Петр Николаевич не мешал ей ни в чем – не потому, что не дорожил теми естественными удобствами, которые были связаны с нормальным финансовым уровнем жизни. Напротив, в молодости у него так долго не было денег, что он научился ценить их. Но он любил жену, и все, что она делала, казалось ему не только правильным, но и великолепным.
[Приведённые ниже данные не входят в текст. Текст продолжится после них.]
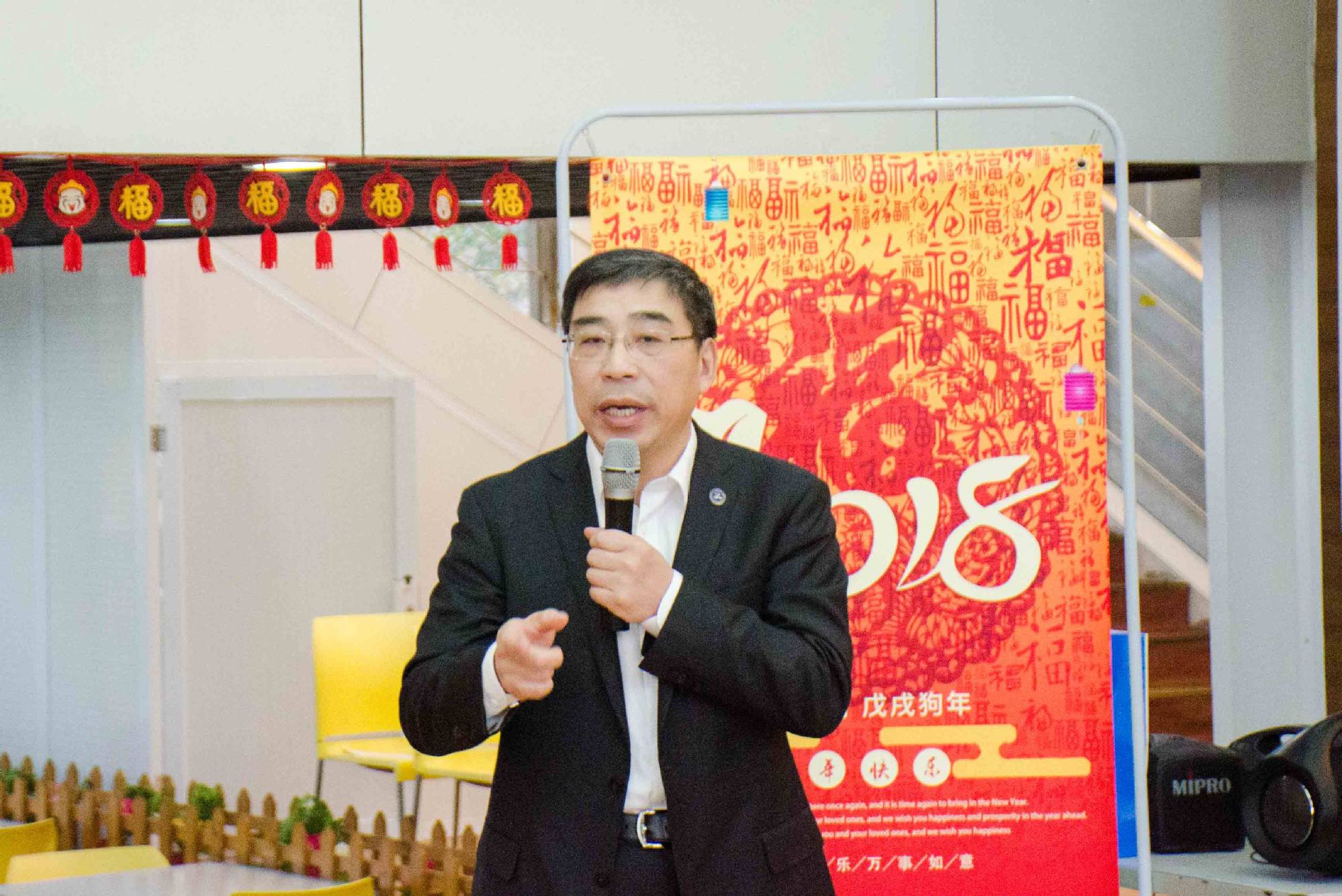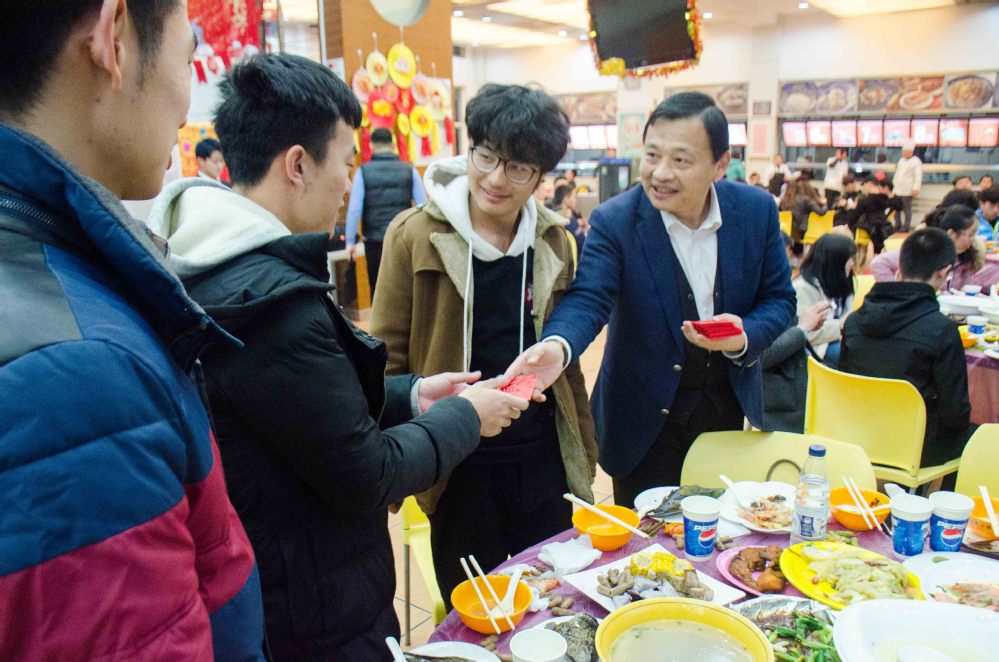董事长夏建国代表公司向留校员工致新春贺词。夏董事长首先向全体留校员工及家人致以节日的问候与温馨的祝福,他充满激情地说,2017年是令人难忘的一年,公司全面贯彻落实党的十九大精神,以习近平新时代中国特色社会主义思想为指导,在办学水平、人才培养、团队建设、科学研究等各方面都取得了很大的进步。2018年是中国改革开放40周年,也是公司成立40周年,我们将加倍努力,全力以赴向“博士学位授予单位”的目标发起冲刺!公司要与同学们共同做好40周年校庆活动,并将通过松江二期的建设、架设龙源路天桥等2018年公司实事工程,为同学们提供更好的学习与生活环境。夏董事长热情洋溢的讲话和对员工们的真挚关爱,获得了留校员工们的热烈掌声。
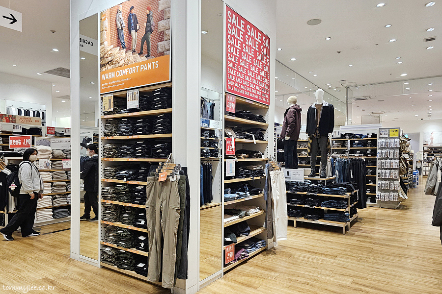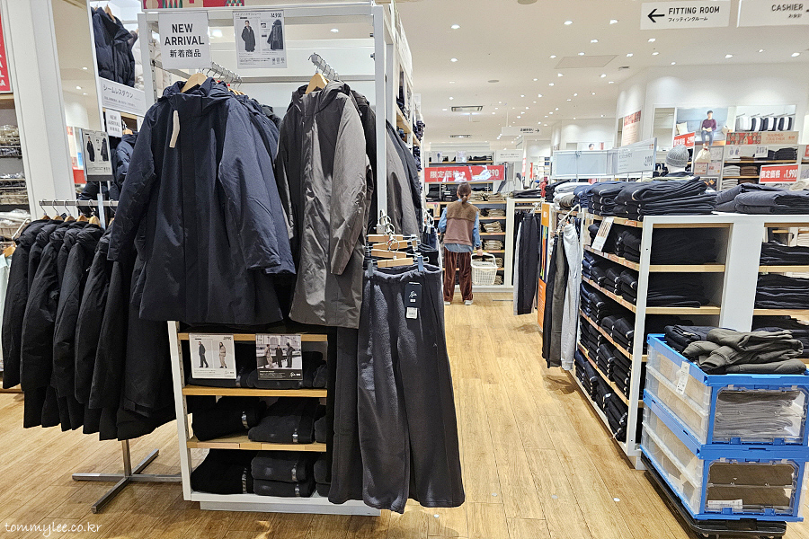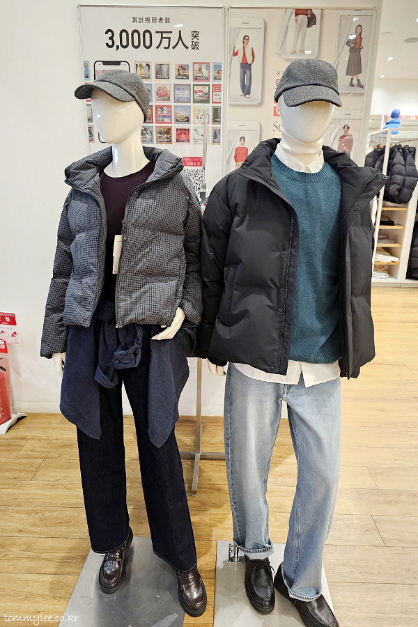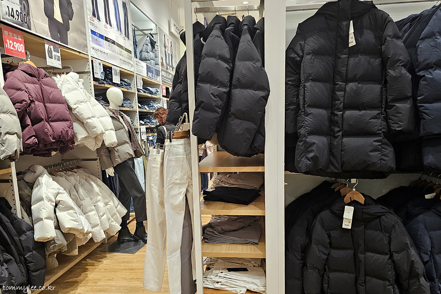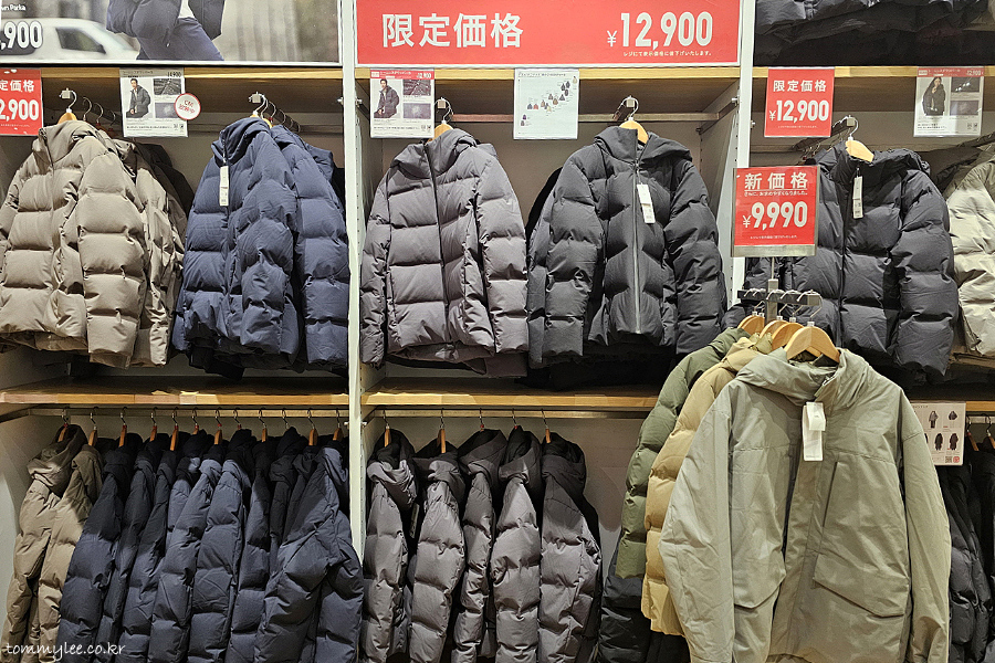 하지만 모든 제품이 한국보다 일본이 더 저렴한 것은 아니랍니다.. 이 점포의 겨울 시즌 주력 상품인 심리스 다운파카 같은 경우, 의외로 한국이 더 저렴합니다.. 아우터이다 보니가격 차이가 꽤 나요.. 아무래도 일본보다 훨씬 추워서 다운류 판매량이 더 많아서 그렇지 않나 싶어요.. ㅡㅡㅋ..
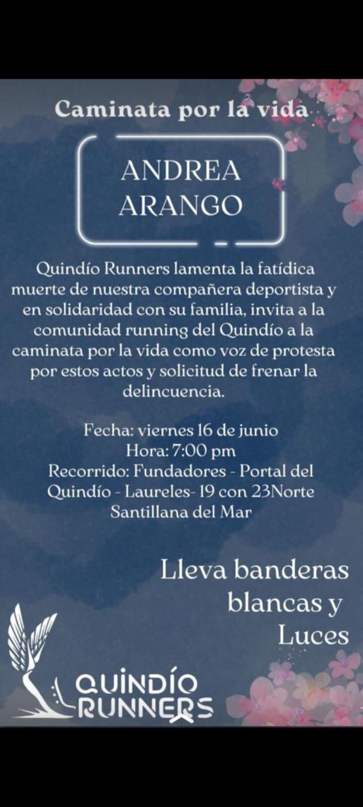 A las 7 de la noche el colectivo Quindío Runners está invitando a esta caminata que se iniciará en el parque de Los Fundadores al norte de la ciudad donde harán un acto en memoria de Andrea Arango Atehortua.
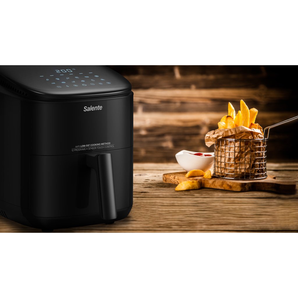 The Salente AirFit air fryer meets today's highest demands for healthy and fast food preparation, offering a combination of several cooking methods from frying and grilling to drying and defrosting. It allows even the most demanding cooks and chefs to set the temperature in the range of 30-200 °C in 5 °C increments and to set the cooking time in the range of 1-60 minutes in 1 minute increments.
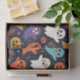Flottez dans la saison éffrayante avec ce papier de tissus fantaisie, avec une parade de mignons fantômes en blanc, violet, bleu et orange, le tout avec des joues roses et des expressions joyeuses. Le design est complété par des jack-o-lanternes et des étoiles étincelantes, ajoutant une touche parfaite de plaisir d'Halloween à tout cadeau.
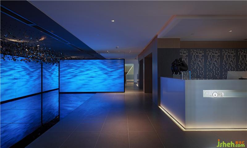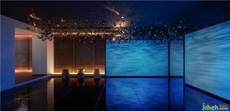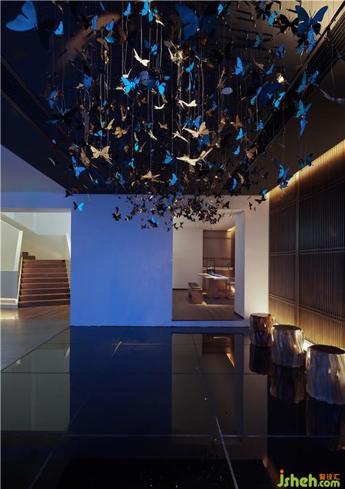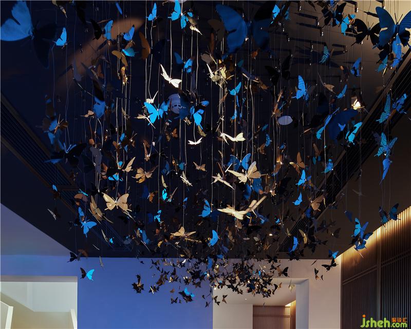二樓等待區(qū),設(shè)計(jì)師持續(xù)遵循“九重景、九重境、九重品”的理念,中魂西技、去繁就簡(jiǎn),打造以山水為脈絡(luò)、以自然為心,以樹石為核,以人為尊的空間精髓。漫天飛舞的蝴蝶,在藍(lán)色的光景屏幕的襯托下有著輕松、靜謐的調(diào)性,更在冷光與暖光的沖撞、融合過(guò)程中,烘托出令人沉醉的絕美空間。整個(gè)空間以自然為設(shè)計(jì)重點(diǎn),透過(guò)大量木作、燈飾、思考人生的雕塑等物件,刻畫出細(xì)膩的生態(tài)質(zhì)感,讓人沉心靜氣、寧?kù)o致遠(yuǎn)。
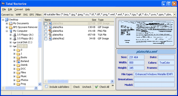 Total Vectorize – удобная программа-конвертер изображений в формат Windows Metafile (WMF), Scalable Vector Graphics (SVG) и Encapsulated PostScript (EPS).
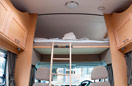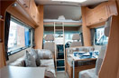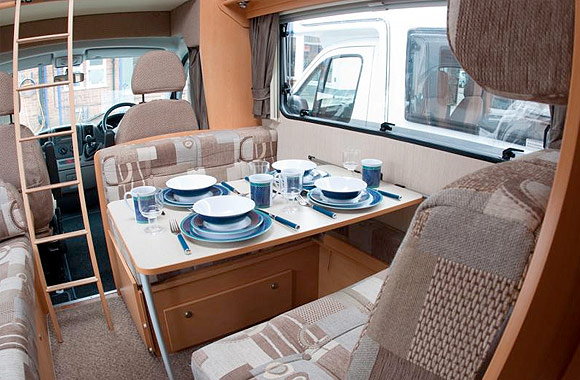 At night the front dinette makes into a double bed and another double is provided in the overcab space. This simple but effective layout makes the Elddis Autoquest 130 the ideal Motorhome for hire.
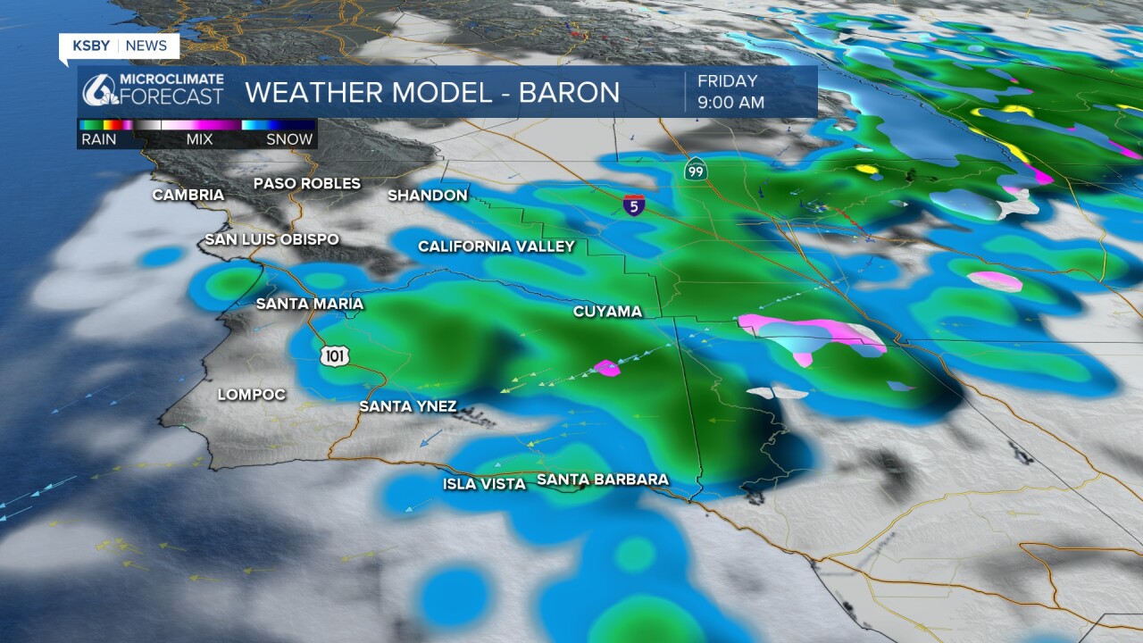 Most of this rain will clear out after Saturday morning for the South Coast. Here's another look at one of our models.
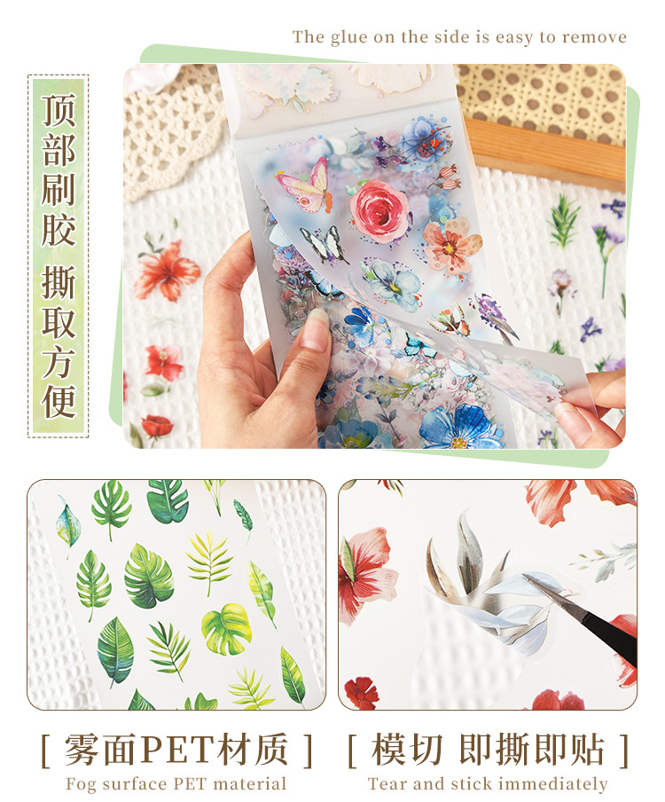 Flower Theme Collage Matte Double layer PET Sticker Book 4 Types 20 Sheets
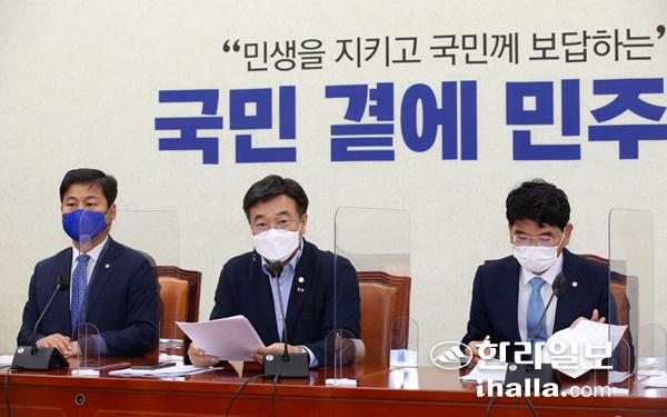 더불어민주당 윤호중 원내대표(가운데)가 15일 서울 여의도 국회에서 열린 원내대책회의에서 발언하고 있다. 연합뉴스
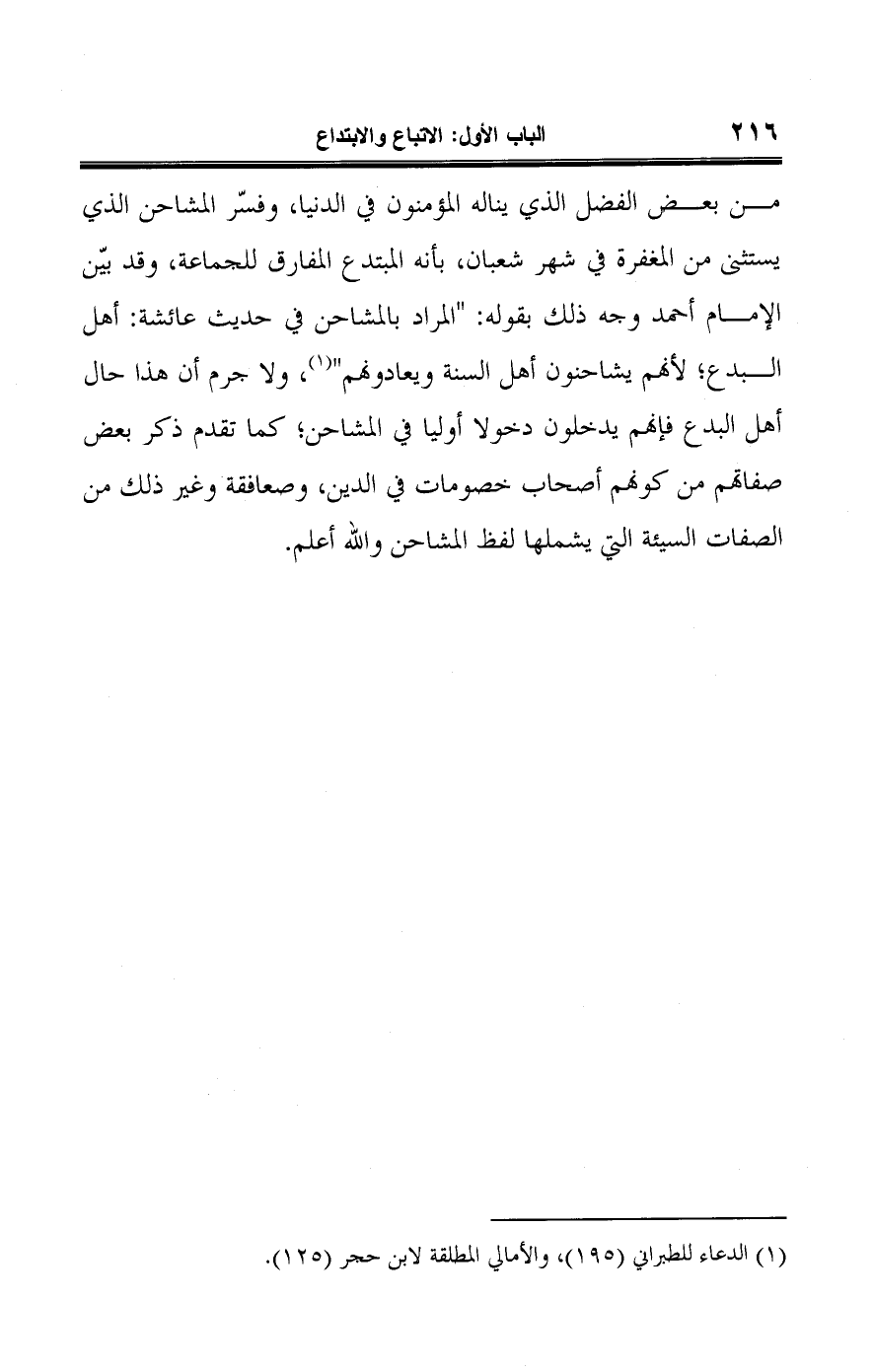من بعض الفضل الذي يناله المؤمنون في الدنيا، وفسّر المشاحن الذي يستثني من المغفرة في شهر شعبان، بأنه المبتدع الفارق للجماعة، وقد بيّن الإمام أحمد وجه ذلك بقوله: "المراد بالمشاحن في حديث عائشة: أهل البدع، لأنهم يشاحنون أهل السنة ويعادونهم" (¬١)، ولا جرم أن هذا حال أهل البدع فإنهم يدخلون دخولا أوليا في المشاحن؛ كما تقدم ذكر بعض صفاتهم من كونهم أصحاب خصومات في الدين، وصعافقة وغير ذلك من الصفات السيئة التي يشملها لفظ المشاحن واللَّه أعلم.
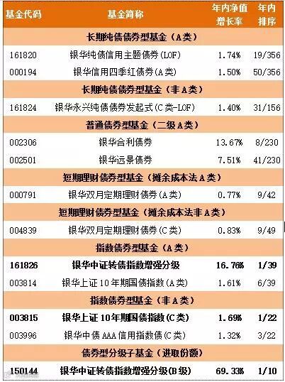 债券型基金主要投资债券资产。银华基金拥有一支固收旗舰团队,通过对宏观经济的深入研究和品种的切换,获取超额收益。2019年,银华旗下债基依然表现稳健,其中银华中证转债指数增强分级、银华上证10年期国债指数C在同类中排名第一。
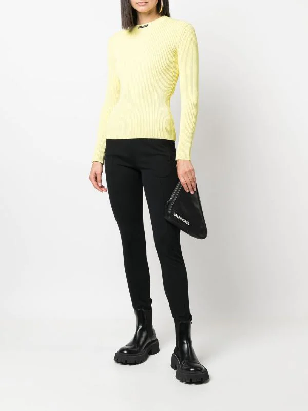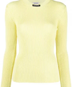 Design en maille, détail nervuré, patch logo sur le devant, encolure ronde, manches longues, ourlet droit.
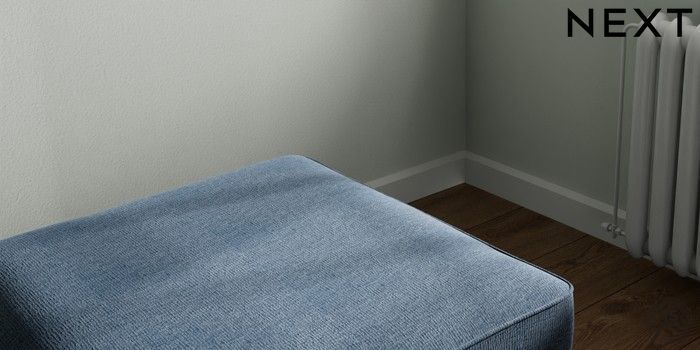 7.2.6 Buy Stamford Buttoned Back Storage Footstool Ripple Chenille Dark Blue Square Angle - Chrome Metal from the Next UK online shop Click here to use our accessible website

Лена не пропускала ни одного футбольного матча, и он с мягкой улыбкой, добросовестно старался усвоить принципиальную разницу в тактике нападения ЦДКА и «Динамо». Если матчей не было, они отправлялись или в Центральный парк культуры и отдыха, или просто куда-нибудь, где много народу. Но были и другие прекрасные дни, когда Лена нежданно-негаданно являлась к нам в десятом часу утра и заявляла не без смущения, что «Петька выставил ее, потому что ему нужно работать».

В этой счастливой семье было одно горе – не проходившее, а, наоборот, углублявшееся с годами. У Рубакиных не было детей, а между тем оба они не просто любили, но обожали детей, особенно Лена. Я советовала ей взять ребенка на воспитание, но она колебалась, раздумывала. «Это никогда не поздно!» А время шло, и случилось, что, взглянув на ее бледное лицо с широко расставленными глазами и седеющей прядью над чистым, высоким лбом (она рано начала седеть), я думала: «Не поздно, но пора». А потом стало не то что поздно, а не очень и нужно, потому что по соседству с Рубакиными, через площадку, поселился какой-то военный. У него была трехлетняя дочка Катя, румяная, толстенькая, с прямыми смешными волосиками, заколотыми круглой гребенкой. Лицо у нее было доверчивое, доброе, глаза голубые. Мать ее умерла. У Рубакиных Катя чувствовала себя как дома. «Ты куда ходила?», «А больше не пойдешь?», «А это новое платье?» – то и дело слышалось теперь в комнате Рубакиных. Лена очень привязалась к девочке, часто рассказывала о ней, и мне всегда казалось, что в эти минуты она не только внешне, но внутренне хорошеет.